Coaxed back out of retirement for this game and the one in Montenegro next week, Áine O’Gorman observed the other day that it has tended to be in the key games just like this one, against their most obvious rivals, that Ireland have let themselves down in previous qualification campaigns.
Their last qualification bid was killed off just about this far in by back to back defeats by Norway who, to be fair, actually went on to win the group. But the one before that was fatally undermined by two losses at the hands of a far more ordinary-looking Finland side.
Obviously, Vara Pauw’s side has already done a bit better than that but the injury-time equaliser by Anastasia Spyridonidou and, in particular, the way it was conceded, made the draw out there feel more like a defeat on the day.
Now, it just seems like it has removed the team’s room for manoeuvre with Pauw acknowledging that anything less than three points will make securing a play-off spot “more complicated”.

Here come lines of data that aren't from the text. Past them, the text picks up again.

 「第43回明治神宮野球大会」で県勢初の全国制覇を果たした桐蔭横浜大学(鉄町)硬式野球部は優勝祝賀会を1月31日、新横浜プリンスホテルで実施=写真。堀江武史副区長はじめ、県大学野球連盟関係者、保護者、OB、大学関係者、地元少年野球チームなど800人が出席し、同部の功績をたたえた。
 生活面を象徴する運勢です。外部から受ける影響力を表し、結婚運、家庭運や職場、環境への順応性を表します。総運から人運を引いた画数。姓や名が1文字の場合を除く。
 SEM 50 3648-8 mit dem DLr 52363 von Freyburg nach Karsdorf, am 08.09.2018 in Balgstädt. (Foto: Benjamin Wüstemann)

Germany, of course, who Ireland face for the first time next month, are powering their way towards top spot but Greece, as it happens, are not the group’s second seeds. Ukraine, who are, have no points at all from three games but two of those were drubbings at the hands of Martina Voss-Tecklenburg’s side and the narrowness of their defeat in Dublin suggested that they might yet pose a threat in the race for second place if they can now win their more winnable games and Ireland do not.
The Greeks showed character to come from behind in November although there was some irritation within the Irish camp at what was regarded as unexpected levels of gamesmanship. A certain amount of relish has been evident this week at the prospect of getting another crack at the visitors.

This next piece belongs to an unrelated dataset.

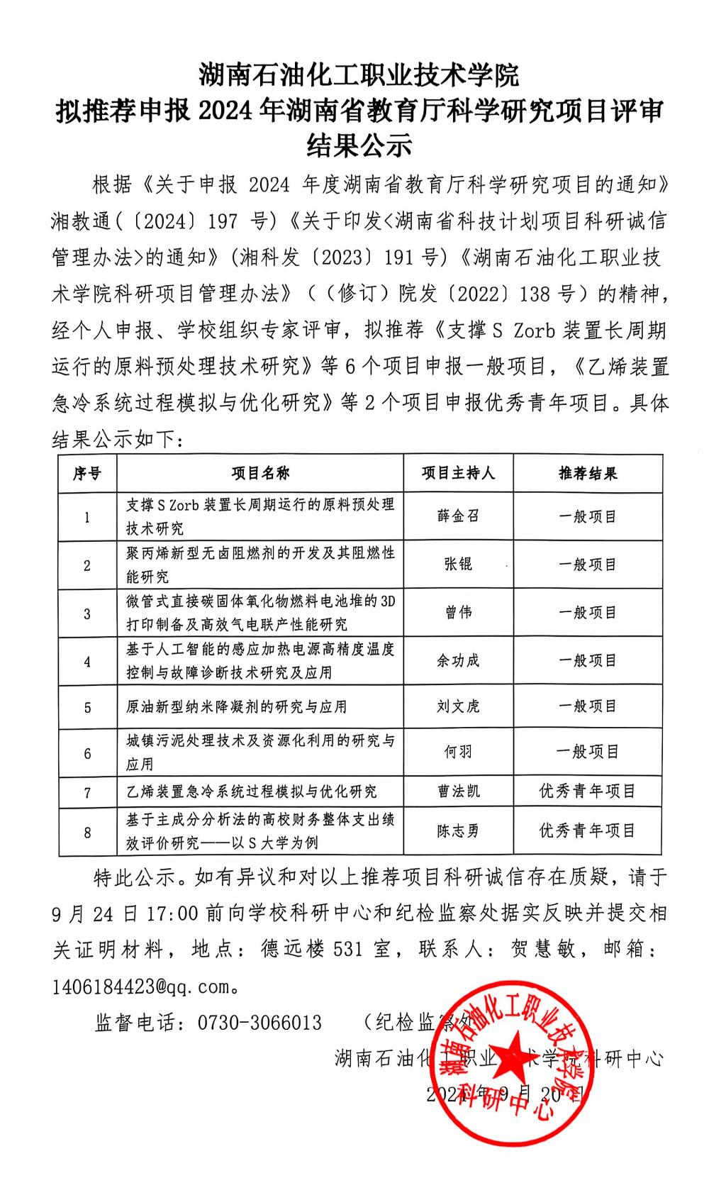87978797威尼斯老品牌拟推荐申报2024年湖南省教育厅科学研究项目评审结果公示

The loss of Megan Connolly, who Pauw says would have been absolutely central to her selection, comes as another significant blow after the earlier injury to Megan Campbell (whose Manchester City team-mate Tyler Toland seems to be out of favour) and leaves Pauw without important players in key areas of the pitch.
Ireland are still in better shape than they were four months ago, however, and the coach sounds optimistic about the outcome of a game in which Ireland will aim to play on the front foot as they pursue a crucial victory.

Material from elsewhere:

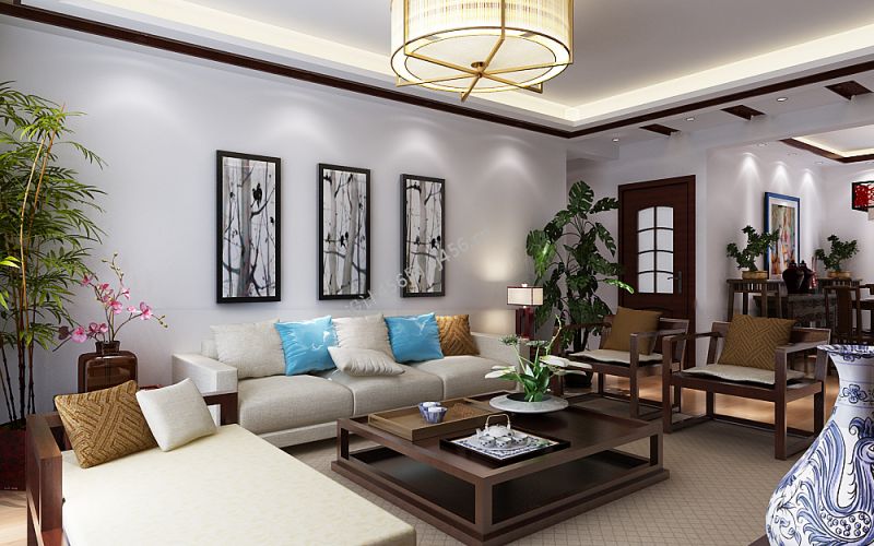 【朗华装饰】公园美地 新中式装修案例风效果图

“We consider this a must-win game if we are to secure second place in the group,” says Pauw. “We know a lot about them and we are ready for this test, which will be different as we have more of our players available to us this time.”
There is some talk of a surprise in terms of her team selection or tactics but Pauw declines to elaborate and it seems hard to imagine that there will be any hugely radical change of approach from the Ukraine game in which the home side played very well for stretches.
All three of the main players involved in that night’s best goal – Denise O’Sullivan, Katie McCabe and Rianna Jarrett – are available here and so the attacking side of things certainly has potential.
Ireland, though, need to resist their tendency towards disastrous slip-ups on the defensive side with two that night giving their visitors the distinct impression that there was another goal there to be had if only they maintained their pursuit of it. It is, as they always say, the hope that kills you. That may not, of course, be quite the way ‘they’ meant it.
As ever, meanwhile, the FAI has been battling to put bums on seats for the game and after their attempt to paper the town with free tickets backfired on them for the Ukraine game when bad weather played a part in many of the recipients opting to tune in on television instead, they have looked to sell more in the hope that the higher level of up front commitment will translate into bigger numbers on the night. As of yesterday there were upwards of 5,500 gone, although a portion of those are still ‘comps’, and Pauw issued a last minute plea for people to come out and fill the remaining 2,000 or so seats.
“We need the support of the fans,” she says, “and we want them to be loud, because that gives the players a real boost during difficult moments in the game. It is crucial that we get the three points on Thursday against Greece.”